To figure out the value of a cryptocurrency transaction where a direct value cannot be determined, you must use a reasonable method. Keep records to show how you figured out the value. Generally, the CRA’s position is that the fair market value is the highest price, expressed in dollars that a willing buyer and a willing seller who are both knowledgeable, informed and prudent, and who are acting independently of each other, would agree to in an open and unrestricted market. For example, you could choose an exchange rate taken from the same exchange broker you are using or an average of midday values across a number of high-volume exchange brokers. Whichever method you choose, use it consistently.

If you hold more than one type of cryptocurrency in a digital wallet, each type of cryptocurrency is considered to be a separate digital asset and must be valued separately. For example, a Bitcoin is valued separately from a Litecoin.

Reporting business income or capital gains from the disposition of cryptocurrency

What is a disposition?

This refers to the way you get rid of something, such as by giving, selling or transferring it. In general, possessing or holding a cryptocurrency is not taxable. But there could be tax consequences when you do any of the following:

  • sell or make a gift of cryptocurrency
  • trade or exchange cryptocurrency, including disposing of one cryptocurrency to get another cryptocurrency
  • convert cryptocurrency to government-issued currency, such as Canadian dollars
  • use cryptocurrency to buy goods or services

Is it business income or capital gain?

The income you get from disposing of cryptocurrency may be considered business income or a capital gain. In order to report it correctly, you must first establish what kind of income it is.

The following are common signs that you may be carrying on a business:

  • you carry on activity for commercial reasons and in a commercially viable way
  • you undertake activities in a businesslike manner, which might include preparing a business plan and acquiring capital assets or inventory
  • you promote a product or service
  • you show that you intend to make a profit, even if you are unlikely to do so in the short term

Business activities normally involve some regularity or a repetitive process over time. Each situation has to be looked at separately.

In some cases, a single transaction can be considered a business, for example when it is an adventure or concern in the nature of trade. Whether you are carrying on a business or not must be determined on a case by case basis. For more information, please review our archived content on an adventure or concern in the nature of trade.

Another factor in deciding if there is a business activity is the date when the business begins. If you are still setting up or preparing to go into business, you might not be considered to have started the business. You usually have to undertake significant activity that is part of your income-earning process. Any funds or property you receive before your business begins are not generally considered to be business income. Similarly, you cannot claim deductions for income tax purposes before the business begins. For more information, please review our archived content on the start of business operations.
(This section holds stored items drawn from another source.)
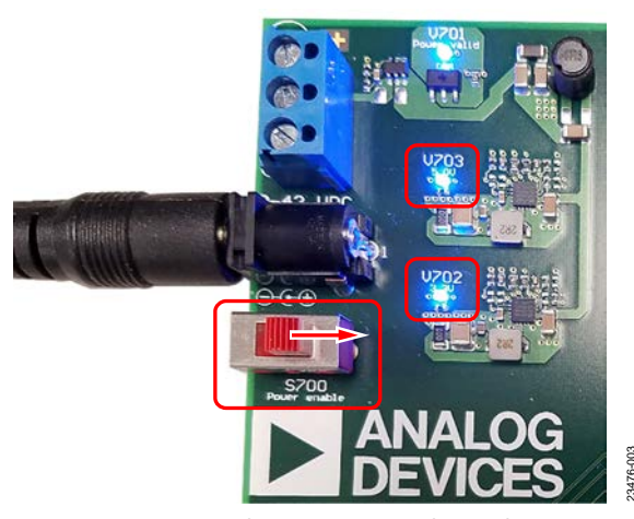
Figure 3. Power Switch in ON position and 5 V and 3.3 V LEDs

2. Switch the Power Enable switch on the baseboard to the ON position, as shown in Figure 3. The 3.3 V LED (V702) and the 5.0 V LED (V703) illuminate blue.
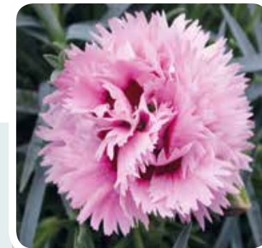
Fizzy ® PBR syn.WP08 VER03 • (WHETMAN)

An early flowering lavender double with blackcurrant eye over a grey/green foliage with a wonderful fragrance.
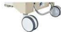
Central Locking Castors with Directional Lock and Brake Mechanism Lever
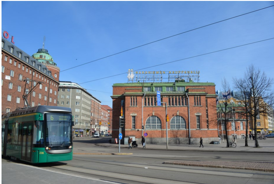
Figure 4. Hakaniemi Market Hall, the busy working-class neighborhood of Kallio

Market Hall has historically been in a wealthy neighborhood, and is located at a busy tourism hub of the city, the renovation never experienced widely-publicized resistance, and is openly celebrated as a success by vendors and city officials alike. Meanwhile, the market hall at Hakaniemi square is part of a different history, and the remodel has encountered significant resistance from vendors and Helsinki residents.
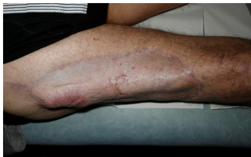
Fig. 1. Firm swelling at the proximal anterolateral thigh donor site.

Over the course of 9 months following radiotherapy, the patient slowly developed a painless swelling on his right thigh. On examination, he presented a hard, raised mass measuring 12 × 5 cm under the healed split-thickness skin graft on the ALT donor site (Fig. 1). The mass did not affect his mobility. Plain X-ray films (Fig. 2A) and a computed tomography scan (Fig. 2B) were obtained and evaluated by senior radiologists with experience in
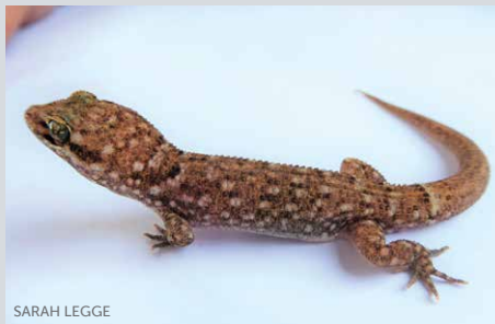
Bynoe's gecko ( Heteronotia binoei ) Covered with scales which look prickly but are soft when you touch them. Colour and pattern can vary greatly. No toe pads.
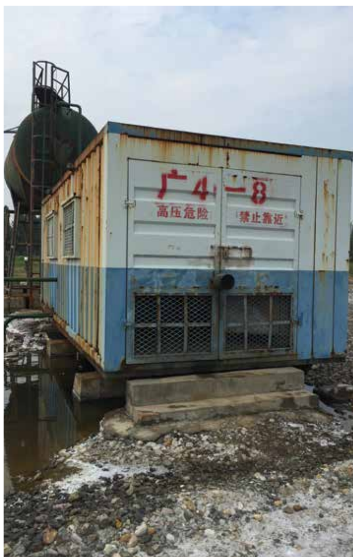
Fighting CUI and major corrosion has been an uphill battle and a major cost in the operation of oil and gas facilities.

With traditional coatings, extensive surface preparation is required and done a little at a time to avoid surface oxidation, commonly known as "flash rust," which then requires re-blasting. But with the CBPC coating, the flash rust is actually desirable. There is no need to "hold the blast." The reason for this unique CBPC characteristic is due to the presence
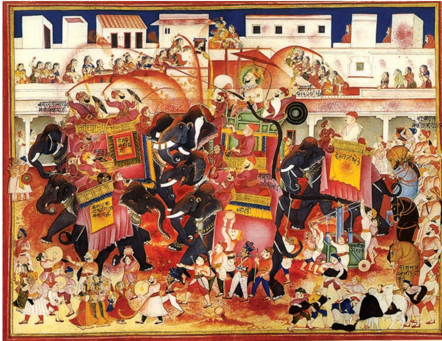
Fig. 8 Maharana Ram Singh II playing holi. Rajput miniature, Kota.

Pradesh. By the late seventeenth century this region had developed a bold and intense style of miniature painting called Basohli. The most popular text to be painted here was Bhanudatta's Rasamanjari . Nadir Shah's invasion and the conquest of Delhi in 1739 resulted in the migration of Mughal artists to the hills to escape the uncertainties of the plains. Here
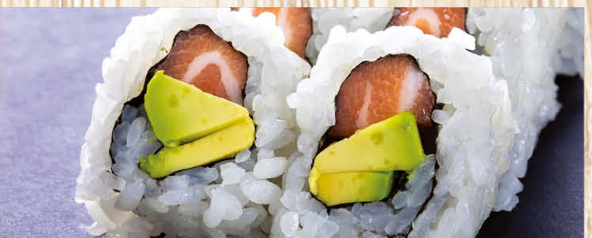
Avocado Roll $6.11 Cucumber Roll $5.51 Avocado Cucumber Roll $5.71 Vegetable Roll $5.51
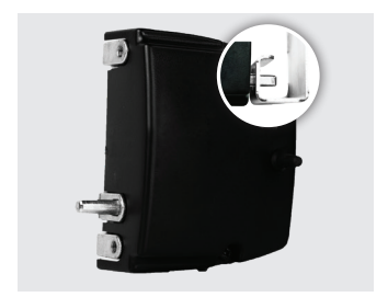
Auto-Lock protection, delivers a new level of security
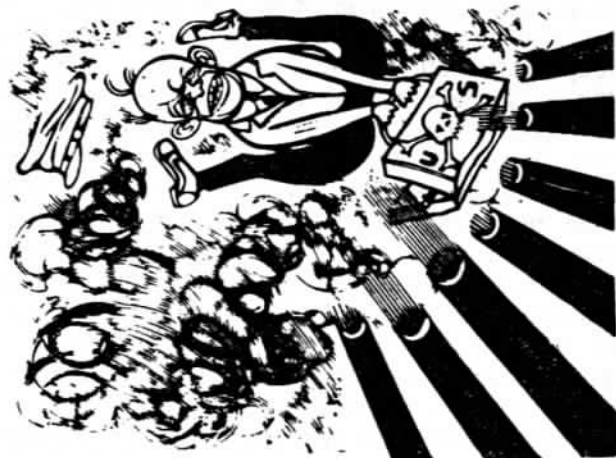
"Send Off" for the God of Plague

The Small Knives Society recounts in dramatic terms the heroic anti-imperialist and anti-feudal struggle of the people of Shanghai in the mid-19th century centring around the Small Knives Society led by Liu Li-chuan, Pan Chi-hsiang and Chou Hsiu-ying. It pictures with great fullness and graphically the distressing plight of the people who groaned under the
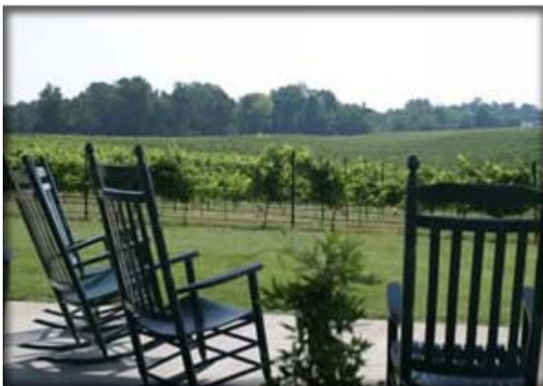
RayLen Vineyards, Mocksville, NC

Forsyth County and the Yadkin River area have made a very successful transition from tobacco to grapes. The region is home to several vineyards producing quality wines. Perhaps you would like to sample the local vintages? Plan to attend a tasting at RayLen Vineyards and West Bend Vineyards on Saturday afternoon.
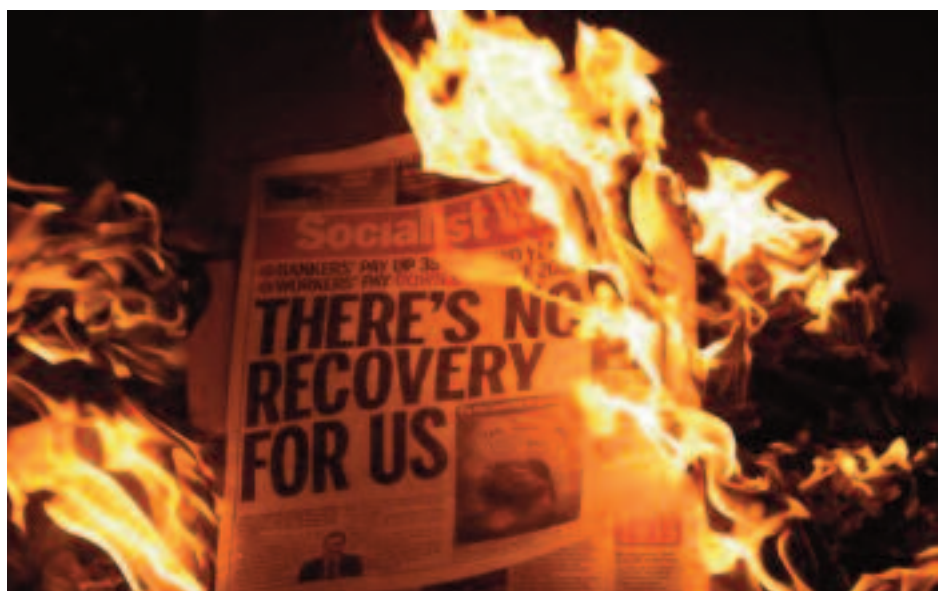
At Sussex University, some students have tipped over SWP stalls and burned copies of SW that SWPers were offering for sale

The ISN was started by people quitting the SWP, and has
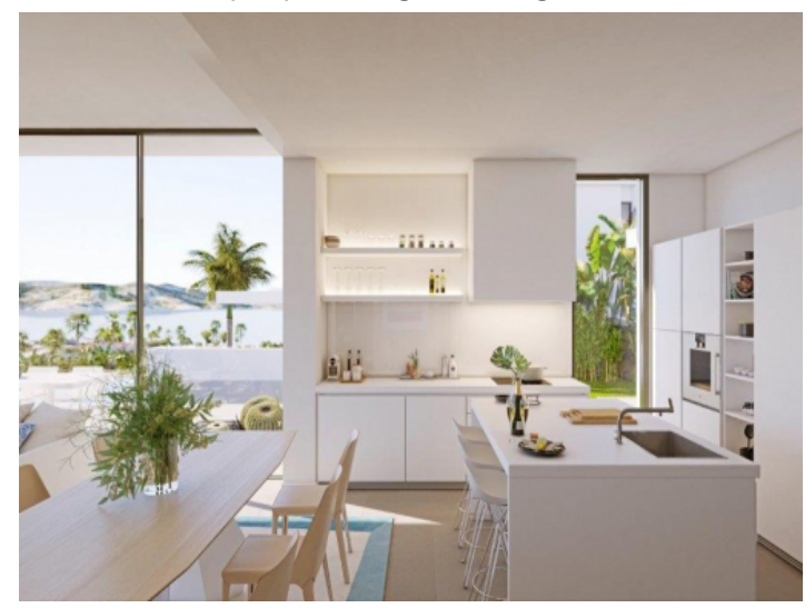
Modern kitchen with island

PORTA TENERIFE • CALLE LUIS DE LA CRUZ 10, 38400 PUERTO DE LA CRUZ, SPAIN TEL.: +34 922 386 273 • INFO@PORTATENERIFE.COM • WWW.PORTATENERIFE.COM
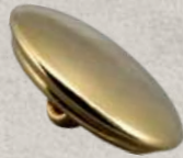
art 1051 FE lin 12, 18, 20, 24, 28, 32, 36, 44
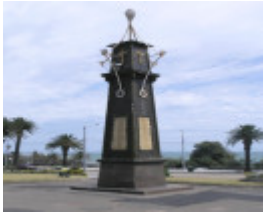
SOUTH AFRICAN WAR MEMORIAL SOHE 2008
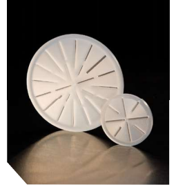
47mm/90mm KEL-F Screen
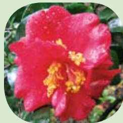
'Blood of China' Red Mid to Late season
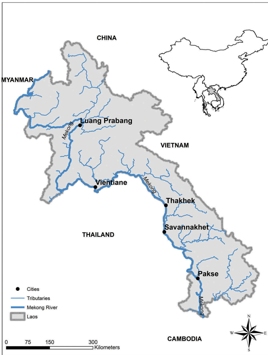
Figure 1. Map of Lao PDR.

nourishment is typically undermined by lack of diversity and poor quality in both nutritional content and food safety (Bouapao et al., 2016).
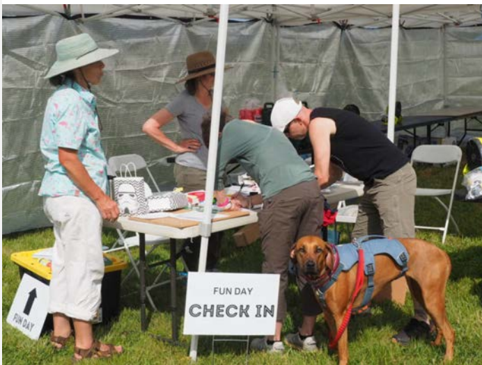
Fun Day activities & games sign-up

Thanks again, Marykay, and all who volunteered!
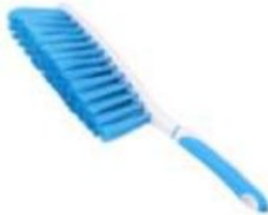
CARPET BRUSH (B) C-514
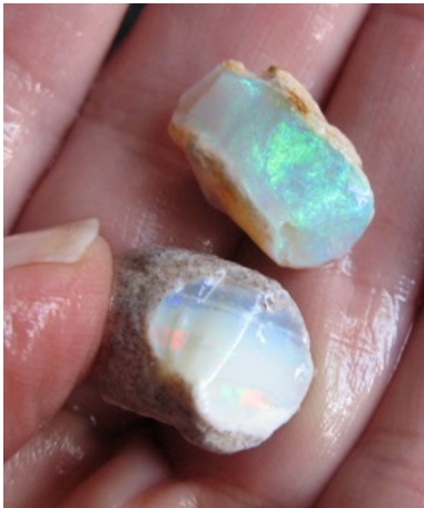
15. $72 IMG_9688 Coober Pedy Belemnites (2 part opal pipes) both with brilliant colours $500/oz .144oz
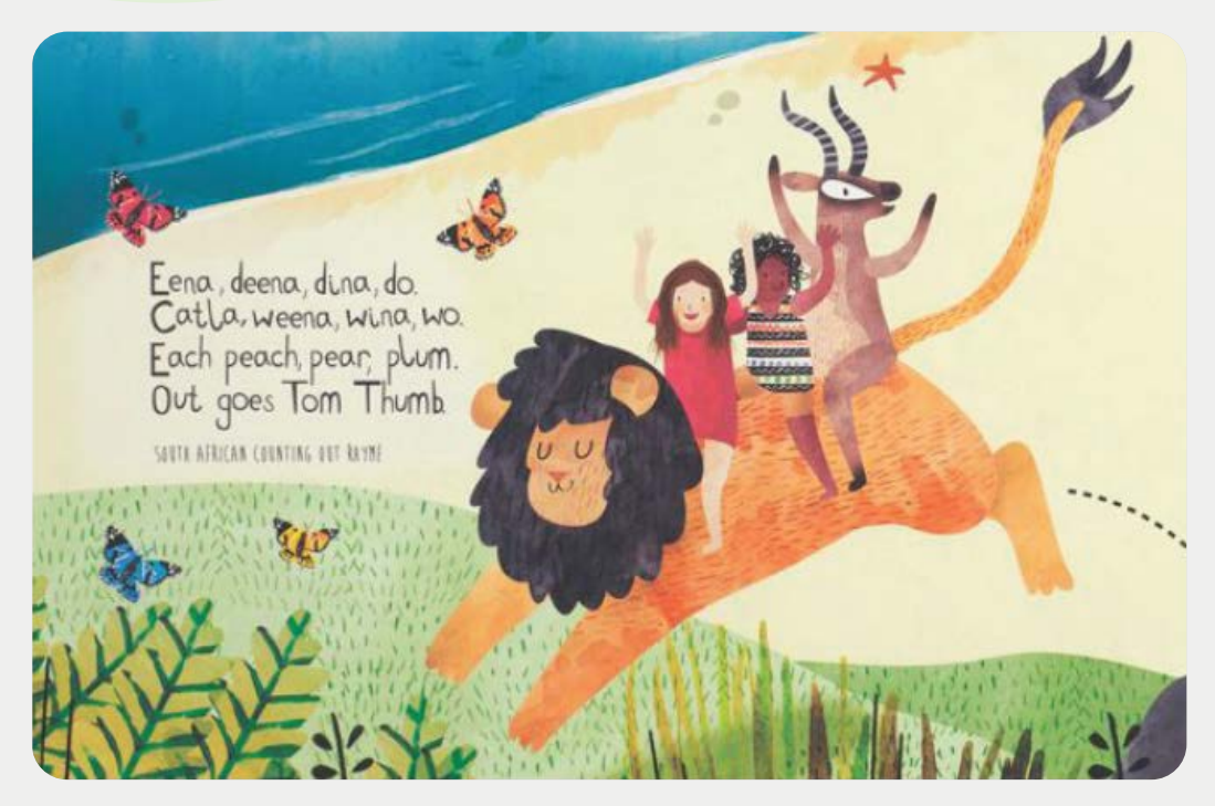
This resource is licensed under Creative Commons BY-NC-ND

WHY IT MATTERS Reading provides children with a wide range of ideas, views and experiences.
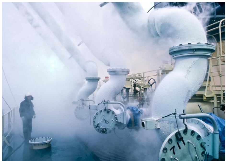
An LNG Crewman Conducts Safety Checks

FERC to decide on LNG import facilities. For offshore LNG facilities (which includes the
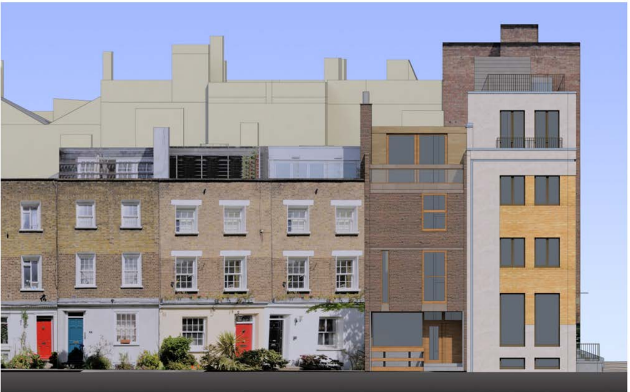
View1 - Elevation from Whitfield Street: PROPOSED
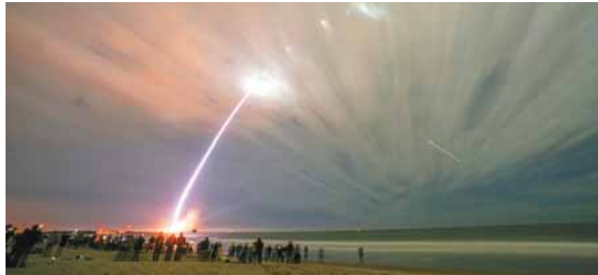
The Blue Origin New Glenn rocket lifts off on its inaugural launch at the Cape Canaveral Space Force Station in Cape Canaveral, Florida.

Secured inside New Glenn’s payload bay for the mission was the first prototype of Blue Origin’s Blue Ring vehicle, a manoeuvrable spacecraft the company plans to sell to the Pentagon and commercial customers for national security and satellite servicing missions.
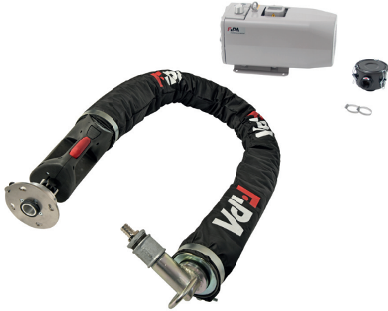
Set with rotary vane pump
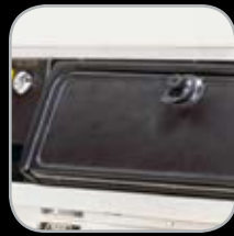
Locking Glove Box
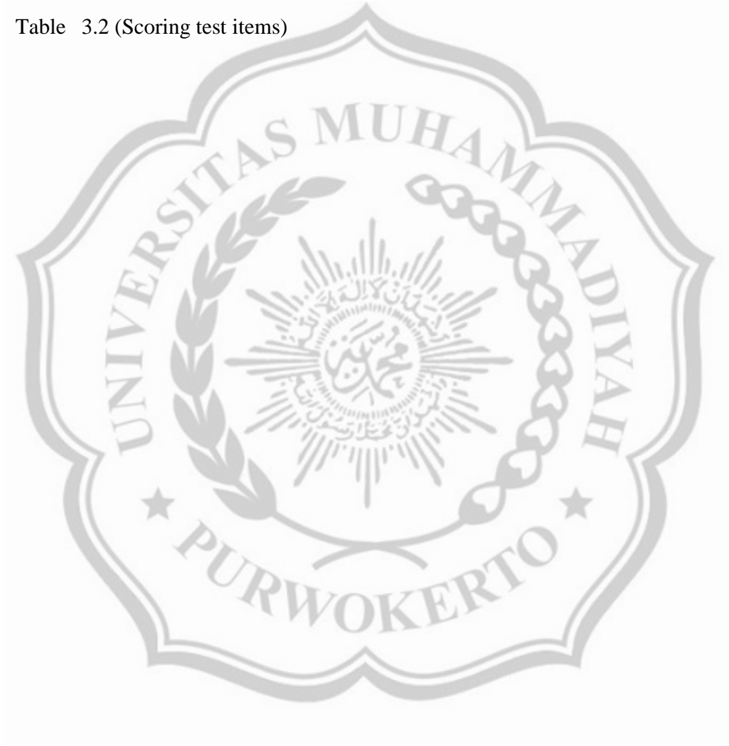
Table 3.2 (Scoring test items)
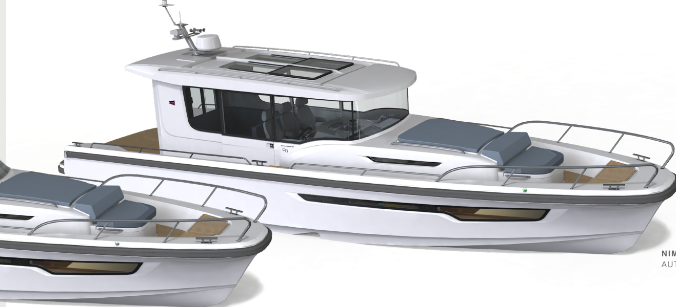
NIMBUS T11 SPRING 2019
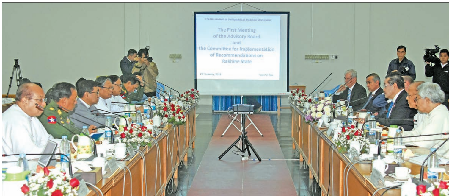
First meeting of the Advisory Board and the committee for implementation of the recommendations on Rakhine State held in Nay Pyi Taw yesterday.

Minister for Office of the State Counsellor U Kyaw Tint Swe said the stability, peace and development in Rakhine State depends not only on the people of Myanmar but the entire human society, especially the two societies in Rakhine State. With regard to the events in Rakhine State, the country had formed an inquiry commission, led by Vice President U Myint Swe, and an advisory commission on Rakhine State, led by former UN Secretary-General Kofi Annan.
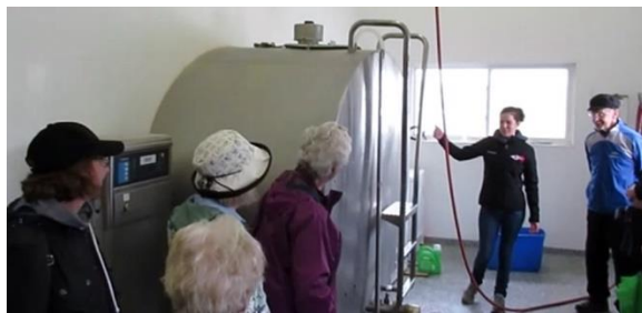
Milk quality testing room
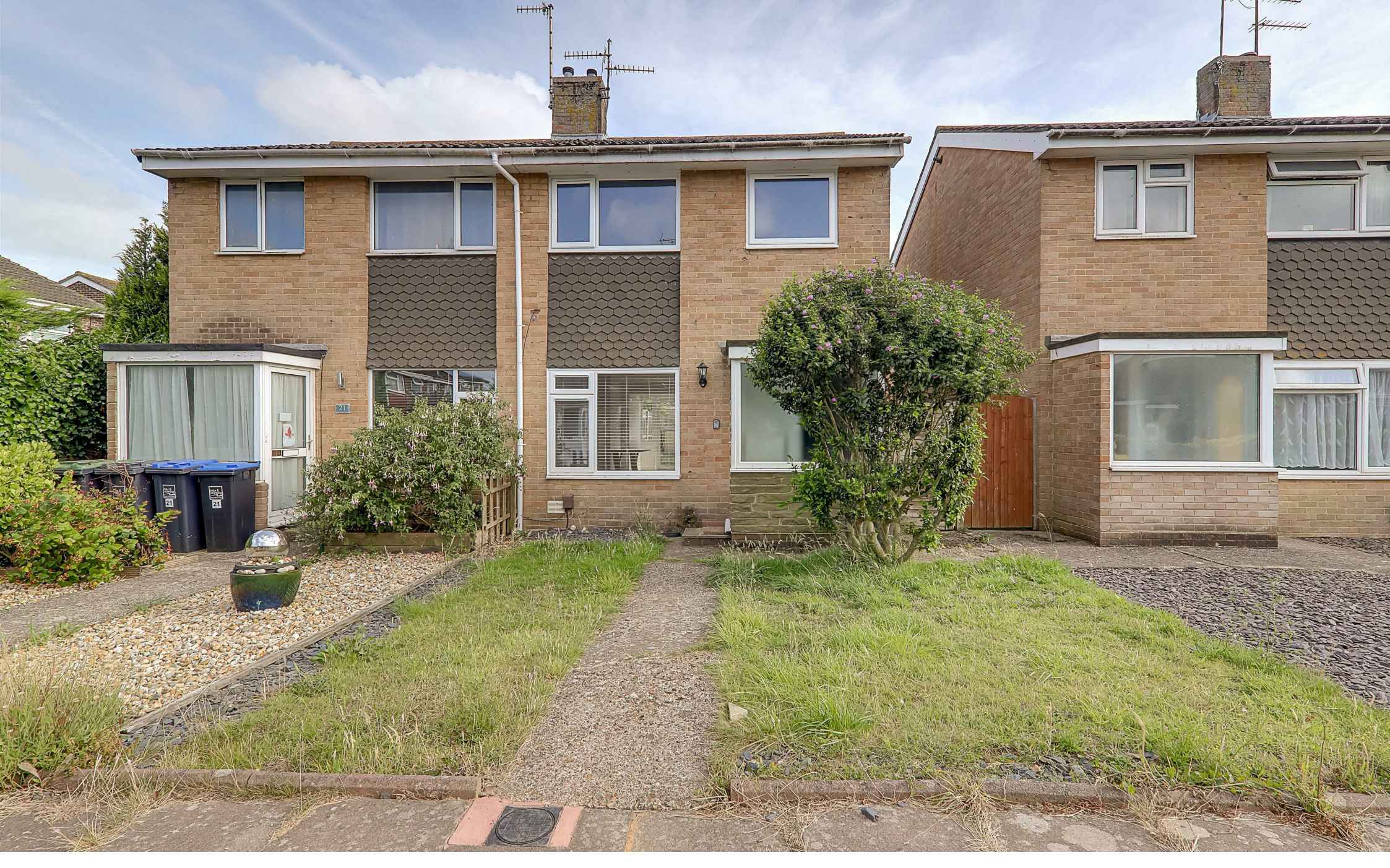
22 Chilgrove Close, Worthing, BN12 6NQ Price £350,000

Some examples of cryptocurrency businesses are:

  • cryptocurrency mining
  • cryptocurrency trading
  • cryptocurrency exchanges, including ATMs

Paragraphs 9 to 32 of Interpretation Bulletin IT-479R : Transactions in securities, provide general information to help you figure out if transactions are income or capital gains. Although the discussion of income and capital in this interpretation bulletin is helpful, remember that cryptocurrencies are not Canadian securities under the Income Tax Act.

Reporting as either income or capital gain

Generally, if disposing of cryptocurrency is part of a business, the profits you make on the disposition or sale are considered business income and not a capital gain. Buying a cryptocurrency with the intention of selling it for a profit may be treated as business income, even if it’s an isolated incident, because it could be considered an adventure or concern in the nature of trade.

If the sale of a cryptocurrency does not constitute carrying on a business, and the amount it sells for is more than the original purchase price or its adjusted cost base, then the taxpayer has realized a capital gain.

Capital gains from the sale of cryptocurrency are generally included in income for the year, but only half of the capital gain is subject to tax. This is called the taxable capital gain. Any capital losses resulting from the sale can only be offset against capital gains; you cannot use them to reduce income from other sources, such as employment income. You can carry forward your capital losses if you do not have any capital gains against which to offset those losses for the year or any of the preceding three years.

For more information on capital gains, see Guide T4037, Capital Gains.

Trading cryptocurrency for another type of cryptocurrency

Generally, when you dispose of one type of cryptocurrency to acquire another cryptocurrency, the barter transaction rules apply. You have to convert the value of the cryptocurrency you received into Canadian dollars. This transaction is considered a disposition and you have to report it on your income tax return. Report the resulting gain or loss as either business income (or loss) or a capital gain (or loss).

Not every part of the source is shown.